__TASK TO CARRY OUT__. What is needed is a verbatim copy of the data, minus the pictures.

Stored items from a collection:
+---+

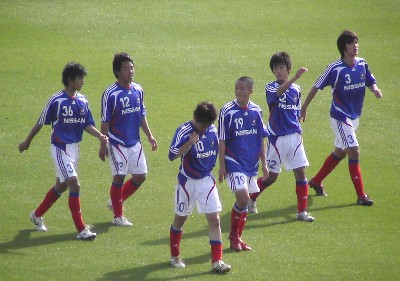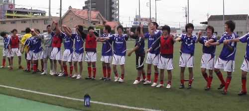 プリンスリーグ第6戦。育英グラウンドでの前橋育英戦。春先の育英フェスでの対戦に続き、今年2回目の対戦。ちなみに、育英フェスの時は小野、榎本の得点でリードするも、後半2点を返され引分だった。今日の横浜は前節読売ユース戦とほぼ同じメンバーながら、奥山が風邪(?)で欠場。奥山はかなり怪しげな格好で会場に姿を見せていたが、どんな格好だったかは現場にいたサポだけの秘密ということにしておこう(笑) 奥山の代わりには成田が出場し、甲斐、成田のCB。前節負傷退場した金井も、普通に先発。ほっ。開始早々、学のパスを受けた高久のゆるいシュート(※)を育英GKは見送る。ああ、外れたかと思っていたら、ボールは”ころころ”という感じでゴールに収まった。あまりに意外なゴールに思わず笑いが起こる。2007/05/15※高久のシュートがDFにあたり、それをGKが見送ったというのが正しいようです。前半ポゼッションは横浜・・・と、いつものようにゲームの流れを書こうとしても、なかなかイメージが形にならない。今年のチームは、選手個々は皆頑張っていて、いいプレイもあるものの、どうも心が沸き立つような”流れ”が感じられない。記憶に残るイメージがない。まぁ、それは見てる方のわがままというものか。前半22分には水沼のゴールで2-0。後半は追加点が奪えず、そのうち前育に流れが傾き何度もピンチを迎えた。佐藤のナイスセーブ連発がなければ、逆転負けしてもおかしくない展開だった。それでも、キャプテンがブログで書いていたように、暑い中しっかり耐えて、今年のプリンス初の完封勝利。そこは大いに評価したい。選手達としてはそちらの方が大きいかもしれない。試合後の笑顔がそれを語っているような気がする。(写真:おお~~、おい!はタイミング合わず、やり直し:)_______齋藤学(10)__端戸仁(14)______高久朋輝(8)_______________水沼宏太(9)______荒井翔太(19)__西脇寛人(6)______岡直樹(36)_甲斐公博(13)_成田進太郎(3)_金井貢史(7)__________佐藤峻(16)___________得点: 前半03分 高久朋輝(8) 前半22分 水沼宏太(9)交代: 後半26分 高久朋輝(8)→出口将司(11) 後半35分 端戸仁(14)→曽我敬紀(15) 後半41分 荒井翔太(19)→佐藤優平(18) 後半41分 岡直樹(36)→中島ファランパリス(2)
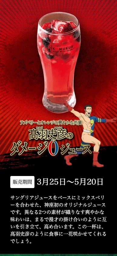 さらに、コラボメニューおよびグッズを2点ごとの注文・購入で限定ノベルティーがもらえるほか、どうとんぼり神座 御堂筋店・どうとんぼり神座 アトレ恵比寿店では、店舗ラッピングおよびスペシャルメニューの販売も実施される。
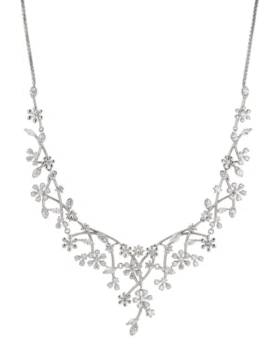 Rhodium-plated Cubic Zirconia Flower Statement Necklace, 16" + 2" Extender, Created For Macy's
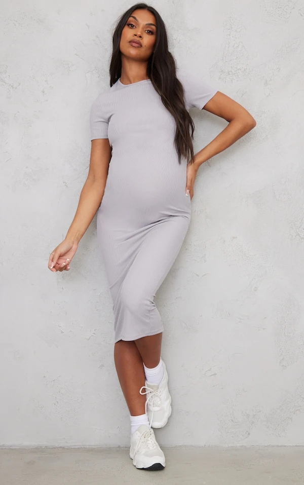 Maternité Robe de grossesse mi-longue gris chiné côtelée à col rond
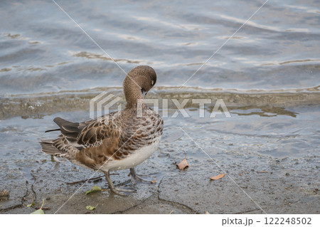川岸で体の手入れをするヒドリガモ(メス) 大阪市土佐堀川 中之島公園
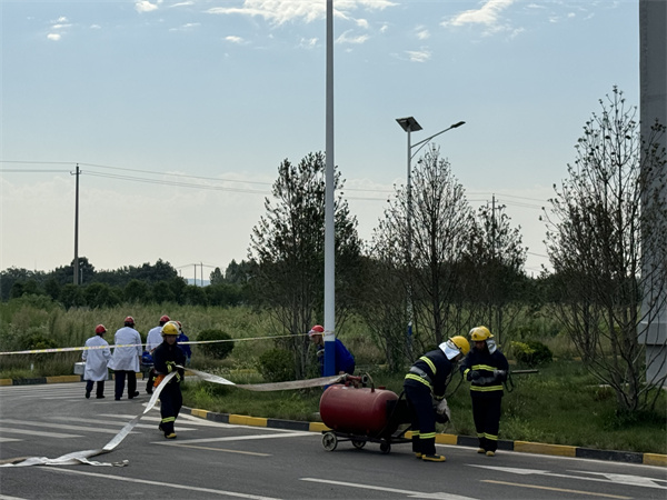 本次演練事故場景模擬1號暫存庫有機(jī)溶劑出庫時,由于碼放不穩(wěn)導(dǎo)致有機(jī)溶劑泄漏、起火、人員受傷事故,根據(jù)事故的發(fā)展情況,先啟動III級應(yīng)急響應(yīng)后啟動II級公司級應(yīng)急響應(yīng)的事故場景。演練中,各演練小組充分發(fā)揮各自職能,做到了思想統(tǒng)一、職責(zé)明確,服從指揮,整個演練緊張有序,效果顯著。
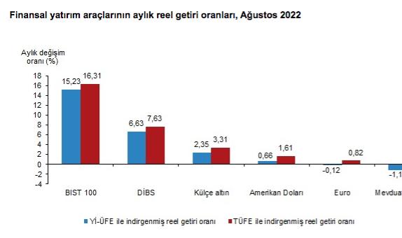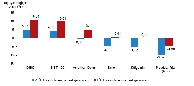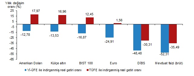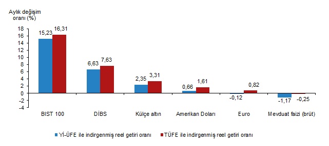 TÜİK' in yayınladığı basın bülteninde şunlara yer verdi : "Yİ-ÜFE ile indirgendiğinde; yatırım araçlarından Devlet İç Borçlanma Senetleri (DİBS) %6,63, külçe altın %2,35, Amerikan Doları %0,66 oranlarında yatırımcısına reel getiri sağlarken, Euro %0,12 ve mevduat faizi (brüt) %1,17 oranlarında yatırımcısına kaybettirdi. TÜFE ile indirgendiğinde DİBS %7,63, külçe altın %3,31, Amerikan Doları %1,61 ve Euro %0,82 oranlarında yatırımcısına reel getiri sağlarken, mevduat faizi (brüt) %0,25 oranında yatırımcısına kaybettirdi.
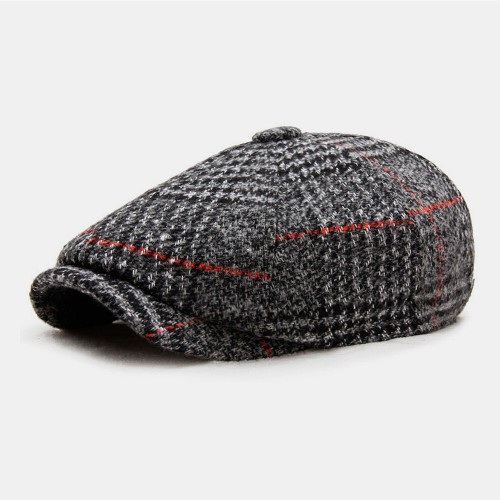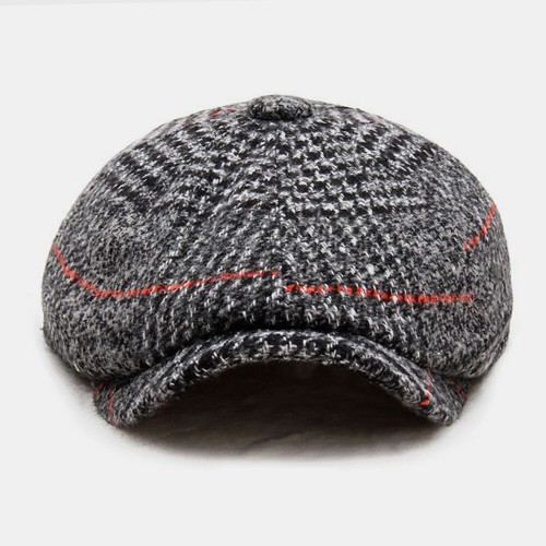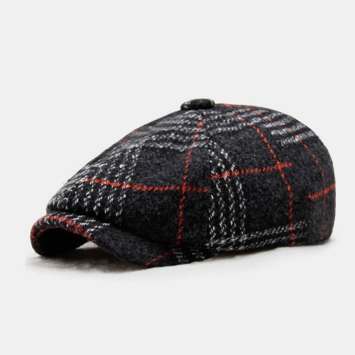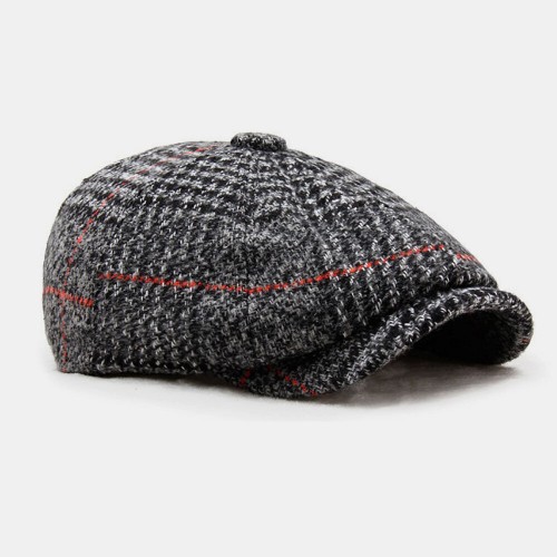 Men British Style Retro Painter Lattice Pattern Fashion Casual Keep Warm Forward Hat Beret Hat Octagonal Cap

+---+

__RESPONSE AREA__.
 プリンスリーグ第6戦。育英グラウンドでの前橋育英戦。春先の育英フェスでの対戦に続き、今年2回目の対戦。ちなみに、育英フェスの時は小野、榎本の得点でリードするも、後半2点を返され引分だった。今日の横浜は前節読売ユース戦とほぼ同じメンバーながら、奥山が風邪(?)で欠場。奥山はかなり怪しげな格好で会場に姿を見せていたが、どんな格好だったかは現場にいたサポだけの秘密ということにしておこう(笑) 奥山の代わりには成田が出場し、甲斐、成田のCB。前節負傷退場した金井も、普通に先発。ほっ。開始早々、学のパスを受けた高久のゆるいシュート(※)を育英GKは見送る。ああ、外れたかと思っていたら、ボールは”ころころ”という感じでゴールに収まった。あまりに意外なゴールに思わず笑いが起こる。2007/05/15※高久のシュートがDFにあたり、それをGKが見送ったというのが正しいようです。前半ポゼッションは横浜・・・と、いつものようにゲームの流れを書こうとしても、なかなかイメージが形にならない。今年のチームは、選手個々は皆頑張っていて、いいプレイもあるものの、どうも心が沸き立つような”流れ”が感じられない。記憶に残るイメージがない。まぁ、それは見てる方のわがままというものか。前半22分には水沼のゴールで2-0。後半は追加点が奪えず、そのうち前育に流れが傾き何度もピンチを迎えた。佐藤のナイスセーブ連発がなければ、逆転負けしてもおかしくない展開だった。それでも、キャプテンがブログで書いていたように、暑い中しっかり耐えて、今年のプリンス初の完封勝利。そこは大いに評価したい。選手達としてはそちらの方が大きいかもしれない。試合後の笑顔がそれを語っているような気がする。(写真:おお~~、おい!はタイミング合わず、やり直し:)_______齋藤学(10)__端戸仁(14)______高久朋輝(8)_______________水沼宏太(9)______荒井翔太(19)__西脇寛人(6)______岡直樹(36)_甲斐公博(13)_成田進太郎(3)_金井貢史(7)__________佐藤峻(16)___________得点: 前半03分 高久朋輝(8) 前半22分 水沼宏太(9)交代: 後半26分 高久朋輝(8)→出口将司(11) 後半35分 端戸仁(14)→曽我敬紀(15) 後半41分 荒井翔太(19)→佐藤優平(18) 後半41分 岡直樹(36)→中島ファランパリス(2)
 さらに、コラボメニューおよびグッズを2点ごとの注文・購入で限定ノベルティーがもらえるほか、どうとんぼり神座 御堂筋店・どうとんぼり神座 アトレ恵比寿店では、店舗ラッピングおよびスペシャルメニューの販売も実施される。
 Rhodium-plated Cubic Zirconia Flower Statement Necklace, 16" + 2" Extender, Created For Macy's
 Maternité Robe de grossesse mi-longue gris chiné côtelée à col rond
川岸で体の手入れをするヒドリガモ(メス) 大阪市土佐堀川 中之島公園
 本次演練事故場景模擬1號暫存庫有機(jī)溶劑出庫時,由于碼放不穩(wěn)導(dǎo)致有機(jī)溶劑泄漏、起火、人員受傷事故,根據(jù)事故的發(fā)展情況,先啟動III級應(yīng)急響應(yīng)后啟動II級公司級應(yīng)急響應(yīng)的事故場景。演練中,各演練小組充分發(fā)揮各自職能,做到了思想統(tǒng)一、職責(zé)明確,服從指揮,整個演練緊張有序,效果顯著。
 TÜİK' in yayınladığı basın bülteninde şunlara yer verdi : "Yİ-ÜFE ile indirgendiğinde; yatırım araçlarından Devlet İç Borçlanma Senetleri (DİBS) %6,63, külçe altın %2,35, Amerikan Doları %0,66 oranlarında yatırımcısına reel getiri sağlarken, Euro %0,12 ve mevduat faizi (brüt) %1,17 oranlarında yatırımcısına kaybettirdi. TÜFE ile indirgendiğinde DİBS %7,63, külçe altın %3,31, Amerikan Doları %1,61 ve Euro %0,82 oranlarında yatırımcısına reel getiri sağlarken, mevduat faizi (brüt) %0,25 oranında yatırımcısına kaybettirdi.
 Men British Style Retro Painter Lattice Pattern Fashion Casual Keep Warm Forward Hat Beret Hat Octagonal Cap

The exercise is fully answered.